Comparison of accuracy of proposed framework with different ML models

Fig. 8
figure 8

ROC-AUC comparison for each class

Table 6 Comparison of proposed framework with existing ML models

Additionally, to analyse our models, we have built ROC (receiver operating characteristic curve) because it shows the tradeoff between specificity and sensitivity for every combination of tests. As we can see in Fig. 9, our proposed algorithm ROC curve is approximately perfect. The better the model, the closer the area of ROC is to 1. As our problem is multiclass classification, ROC curve has taken macro average into account. Figure 8 depicts multiclass classification more comprehensively by plotting the curve for each class through our proposed framework. Ensembled model helped us to add diversity and multiplicity in our model. Further stacked based models add assortment which means if an individual model gives a wrong prediction about a certain feature, another model used in a stacked-based ensemble may have a chance to correctly identify the same feature.

Fig. 9
figure 9

ROC curve comparison

Our work greatly contributes towards food/wine analytics as we are able to classify good and worst quality of wine while outperforming the literature review. This can greatly impact the future research work, which can nearly perfectly predict the correct quality of the food item.

Comparison with Existing Literature

Our proposed algorithm shows a perfect ROC curve and good accuracy, and it can be considered an advance in red wine quality prediction in return, an advance in classifying quality of any other food item. Chao Ye et al. (Ye et al. 2020) used XGBoost which influenced our work. Further, every author used SVM and random forest which heavily influenced our work. As shown in Fig. 10, our proposed methodology outperforms previous literature work done on the dataset. This can be used further in biomedical research work relating to food/water quality predictions. Applying ensembled-based stacking can benefit further research work as it provides diversity to classifiers and increases other parameters like accuracy and precision.

Fig. 10
figure 10

Comparing proposed model with existing literature

Conclusion and Future Work

In this paper, we offer a machine learning-based computational framework for predicting red wine quality.

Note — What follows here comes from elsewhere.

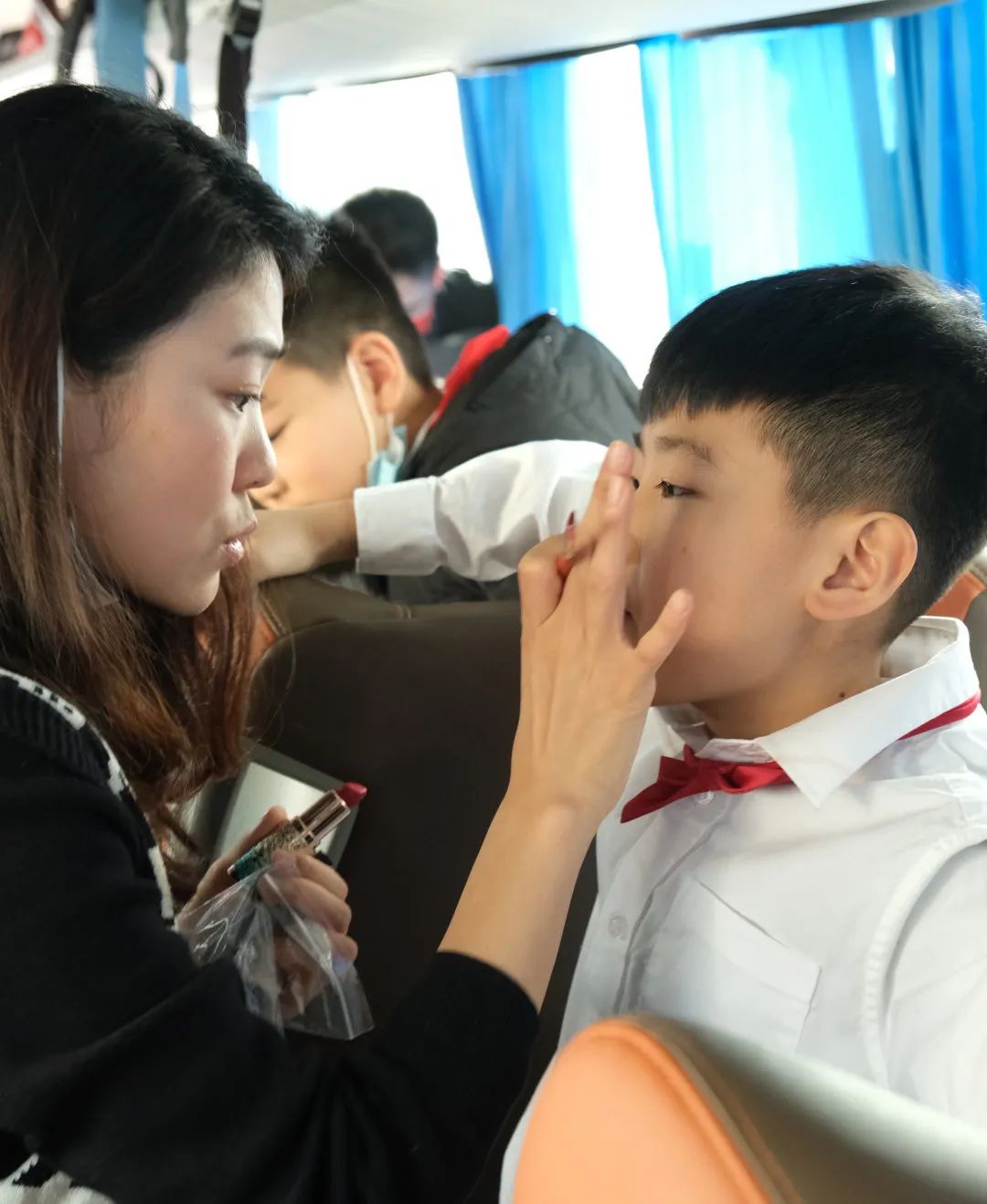 因為人數(shù)眾多,在時間非常緊張的狀況下,我們的藝體女老師們在路上就開始給同學(xué)們開始化妝打底了?;脢y的同學(xué)們變得更加眉清目秀了、英姿颯爽了!有一個扮演小戰(zhàn)士的“小蘿卜頭”扮演者李嘉祺,他告訴化妝的老師說要自己的臉要涂的黑黑的,他扮演的“小蘿卜頭”是一個抗戰(zhàn)的小戰(zhàn)士,被敵人拘禁,最后英勇犧牲,臉上不能太干凈。李佳琪同學(xué)絲毫不介意自己的面容被涂的黑黑的,他說演出要符合節(jié)目內(nèi)容的需要。同學(xué)們也為他的尊重角色的需要而奉獻自己的精神點贊!

The proposed framework successfully sorted red wines into various classifications. The proposed framework’s key contribution is handling skewed and imbalanced data utilising a power transformer and the SMOTEENN technique. Furthermore, ensemble learning helps to increase variety among the base learners, which increases prediction accuracy. Precision, specificity, recall, and F1 score are used to evaluate the performance of all approaches. On a single benchmark dataset, all algorithms are trained and tested. Most present strategies do not take into account the uneven nature of data and skewed data when creating red wine quality prediction tools. The proposed framework addresses the challenges of class imbalance and data skewness.